TASK TO CARRY OUT
Only the lines below from the one containing "платина, 26x16 мм" through the one containing "Plus Robe mi-longue" belong in the answer, set down exactly, with the pictures left out.

DATA EXTRACTS

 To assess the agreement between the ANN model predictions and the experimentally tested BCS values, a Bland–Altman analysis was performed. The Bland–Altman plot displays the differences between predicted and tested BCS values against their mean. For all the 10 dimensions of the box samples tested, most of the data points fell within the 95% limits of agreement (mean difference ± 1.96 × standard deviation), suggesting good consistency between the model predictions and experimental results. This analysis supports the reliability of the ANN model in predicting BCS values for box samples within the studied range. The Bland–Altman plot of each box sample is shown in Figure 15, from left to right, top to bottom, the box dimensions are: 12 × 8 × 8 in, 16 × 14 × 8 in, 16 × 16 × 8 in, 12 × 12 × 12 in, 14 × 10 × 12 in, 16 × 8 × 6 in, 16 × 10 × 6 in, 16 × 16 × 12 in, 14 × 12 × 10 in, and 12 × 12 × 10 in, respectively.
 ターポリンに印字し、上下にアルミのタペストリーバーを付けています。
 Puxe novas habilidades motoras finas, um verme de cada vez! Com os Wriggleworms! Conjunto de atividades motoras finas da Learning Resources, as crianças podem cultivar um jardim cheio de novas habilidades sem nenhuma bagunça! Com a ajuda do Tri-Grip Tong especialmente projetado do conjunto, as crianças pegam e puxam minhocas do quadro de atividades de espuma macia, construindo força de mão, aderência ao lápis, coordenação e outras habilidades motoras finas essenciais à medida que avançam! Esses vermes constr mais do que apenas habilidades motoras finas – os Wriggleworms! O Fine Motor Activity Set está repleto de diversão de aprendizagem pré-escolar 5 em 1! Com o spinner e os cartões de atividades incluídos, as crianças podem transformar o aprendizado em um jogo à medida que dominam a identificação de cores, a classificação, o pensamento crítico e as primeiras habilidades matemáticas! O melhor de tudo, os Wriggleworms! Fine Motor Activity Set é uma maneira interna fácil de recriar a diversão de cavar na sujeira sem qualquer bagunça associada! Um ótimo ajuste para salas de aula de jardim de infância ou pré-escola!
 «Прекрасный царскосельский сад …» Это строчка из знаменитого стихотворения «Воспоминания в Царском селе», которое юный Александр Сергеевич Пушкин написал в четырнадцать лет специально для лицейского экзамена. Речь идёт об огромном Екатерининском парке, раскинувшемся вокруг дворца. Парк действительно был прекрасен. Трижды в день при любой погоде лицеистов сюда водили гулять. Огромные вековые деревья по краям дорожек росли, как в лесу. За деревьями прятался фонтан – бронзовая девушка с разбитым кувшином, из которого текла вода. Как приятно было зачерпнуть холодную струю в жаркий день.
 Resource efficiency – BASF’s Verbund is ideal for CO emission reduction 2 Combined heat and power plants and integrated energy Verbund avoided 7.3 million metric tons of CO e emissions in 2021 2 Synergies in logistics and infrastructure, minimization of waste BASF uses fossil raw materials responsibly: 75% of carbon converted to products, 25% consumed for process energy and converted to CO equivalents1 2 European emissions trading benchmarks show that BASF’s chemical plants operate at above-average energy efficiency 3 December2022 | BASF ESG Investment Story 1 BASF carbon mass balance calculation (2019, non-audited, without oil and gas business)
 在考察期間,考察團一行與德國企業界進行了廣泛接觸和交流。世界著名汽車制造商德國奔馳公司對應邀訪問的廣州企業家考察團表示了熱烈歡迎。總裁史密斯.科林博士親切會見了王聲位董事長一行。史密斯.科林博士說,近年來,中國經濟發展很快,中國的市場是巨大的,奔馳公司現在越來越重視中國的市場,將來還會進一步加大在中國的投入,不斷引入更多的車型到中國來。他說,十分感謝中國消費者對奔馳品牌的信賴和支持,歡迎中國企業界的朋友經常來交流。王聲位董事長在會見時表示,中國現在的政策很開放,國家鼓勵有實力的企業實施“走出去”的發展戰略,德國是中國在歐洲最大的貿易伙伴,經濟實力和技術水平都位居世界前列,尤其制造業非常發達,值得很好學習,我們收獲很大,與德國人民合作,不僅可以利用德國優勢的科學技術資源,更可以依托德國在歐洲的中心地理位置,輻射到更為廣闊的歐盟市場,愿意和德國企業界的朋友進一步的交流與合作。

--

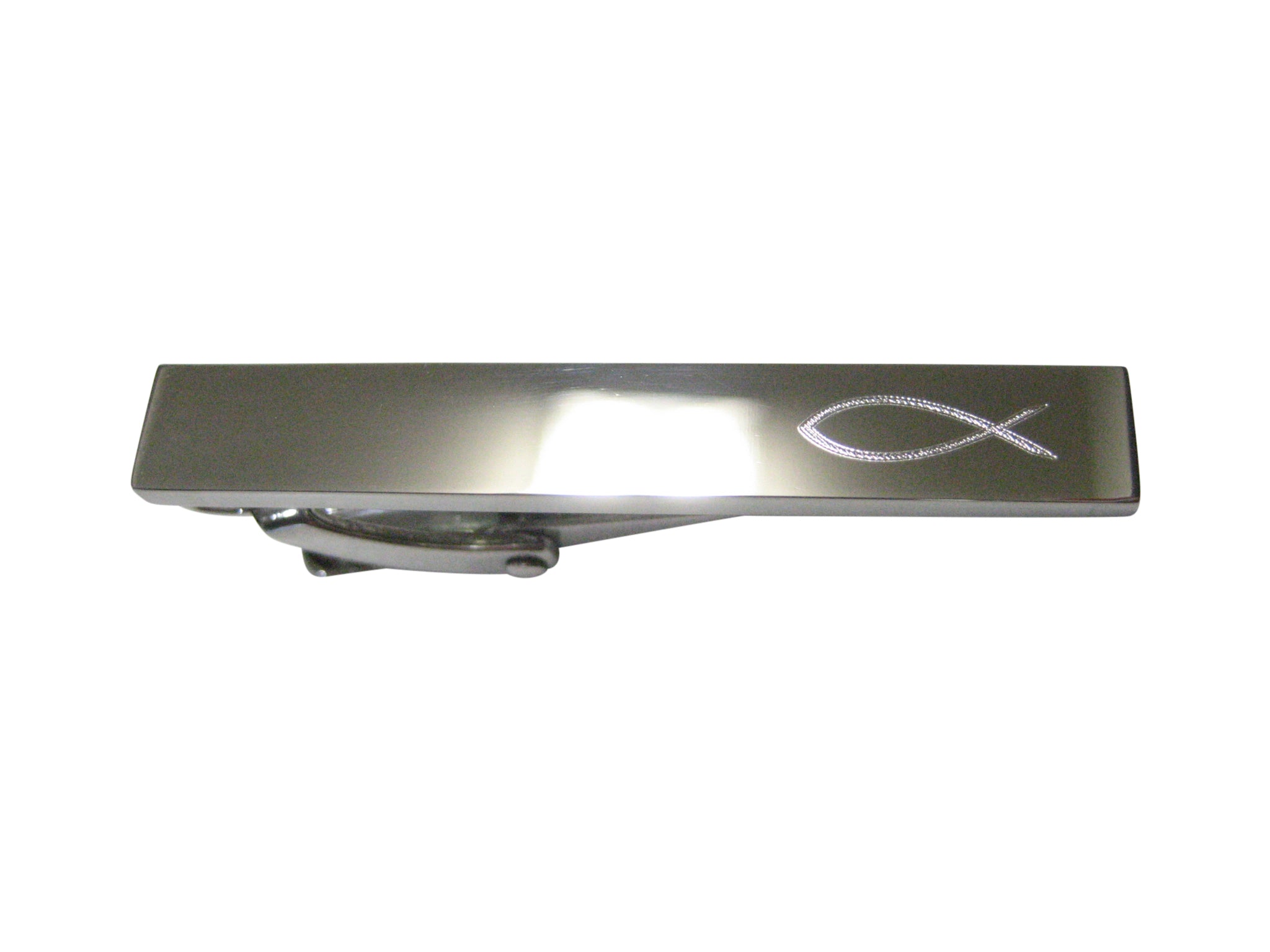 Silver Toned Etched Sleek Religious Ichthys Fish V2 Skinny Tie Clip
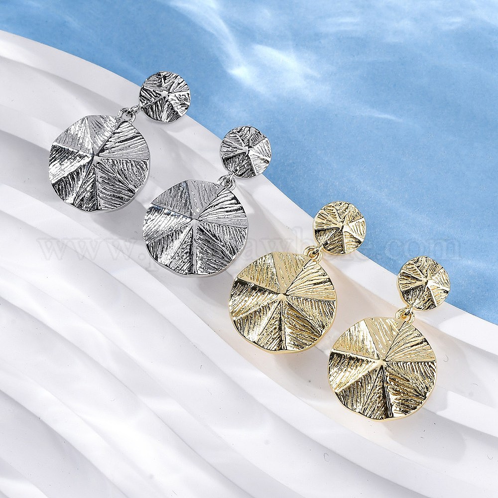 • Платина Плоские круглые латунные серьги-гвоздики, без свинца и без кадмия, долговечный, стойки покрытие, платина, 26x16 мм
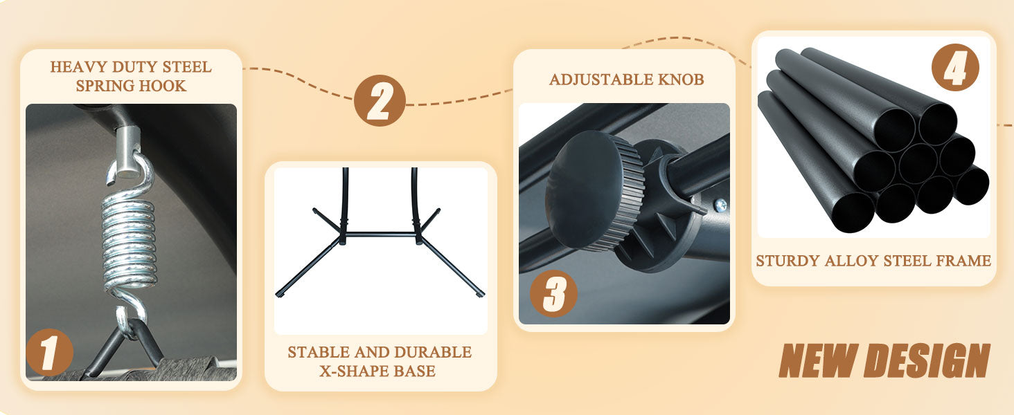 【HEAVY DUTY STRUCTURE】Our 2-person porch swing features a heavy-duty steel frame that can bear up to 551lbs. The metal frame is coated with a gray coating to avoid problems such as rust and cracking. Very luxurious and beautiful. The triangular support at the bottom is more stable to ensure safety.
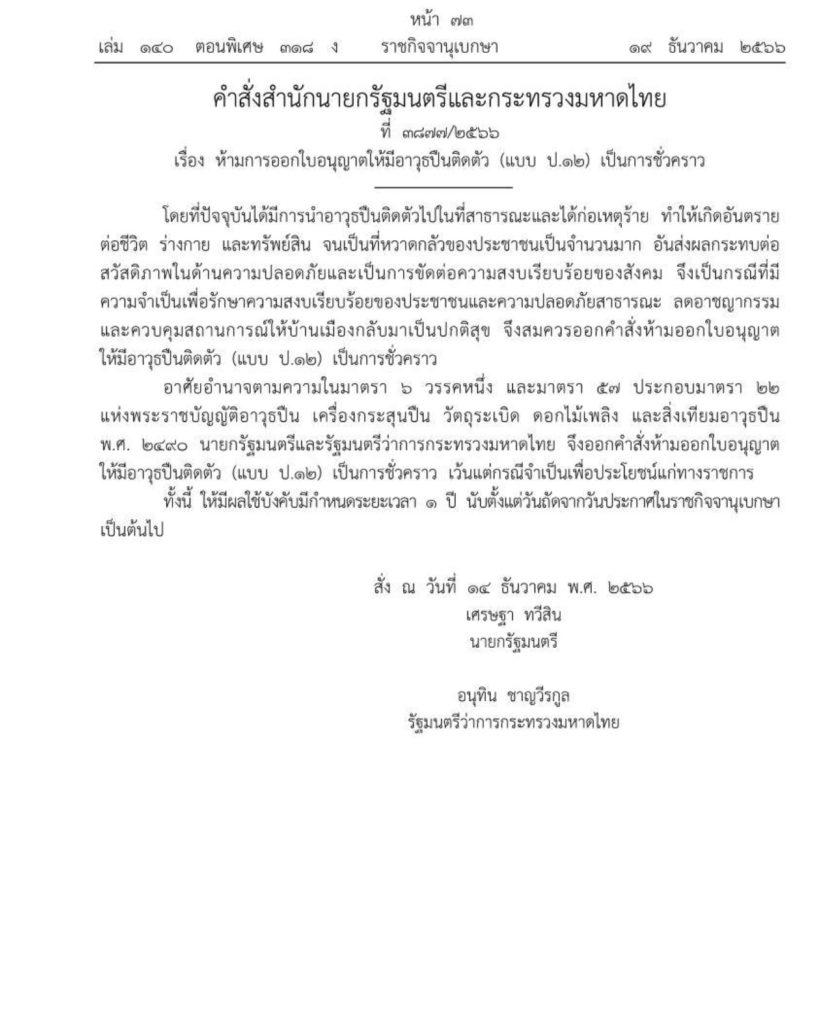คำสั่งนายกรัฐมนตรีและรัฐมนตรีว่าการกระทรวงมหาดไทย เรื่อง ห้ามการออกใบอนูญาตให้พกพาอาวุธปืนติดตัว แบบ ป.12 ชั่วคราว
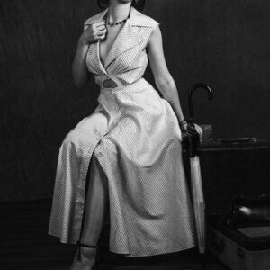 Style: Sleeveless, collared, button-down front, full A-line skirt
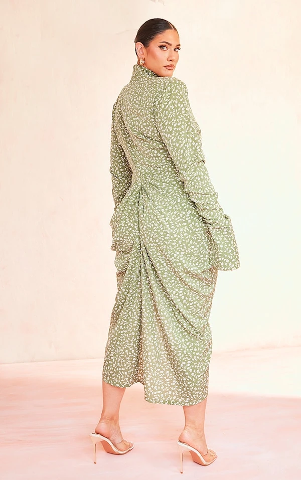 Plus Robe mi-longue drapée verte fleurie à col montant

* * *

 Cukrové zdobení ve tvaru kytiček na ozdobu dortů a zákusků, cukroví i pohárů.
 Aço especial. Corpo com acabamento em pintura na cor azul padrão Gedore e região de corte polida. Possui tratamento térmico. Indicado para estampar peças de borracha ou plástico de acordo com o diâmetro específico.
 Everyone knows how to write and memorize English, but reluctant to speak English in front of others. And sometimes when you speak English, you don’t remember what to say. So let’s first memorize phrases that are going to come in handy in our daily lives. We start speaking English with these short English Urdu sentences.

ANSWER BELOW
 • Платина Плоские круглые латунные серьги-гвоздики, без свинца и без кадмия, долговечный, стойки покрытие, платина, 26x16 мм
 【HEAVY DUTY STRUCTURE】Our 2-person porch swing features a heavy-duty steel frame that can bear up to 551lbs. The metal frame is coated with a gray coating to avoid problems such as rust and cracking. Very luxurious and beautiful. The triangular support at the bottom is more stable to ensure safety.
คำสั่งนายกรัฐมนตรีและรัฐมนตรีว่าการกระทรวงมหาดไทย เรื่อง ห้ามการออกใบอนูญาตให้พกพาอาวุธปืนติดตัว แบบ ป.12 ชั่วคราว
 Style: Sleeveless, collared, button-down front, full A-line skirt
 Plus Robe mi-longue drapée verte fleurie à col montant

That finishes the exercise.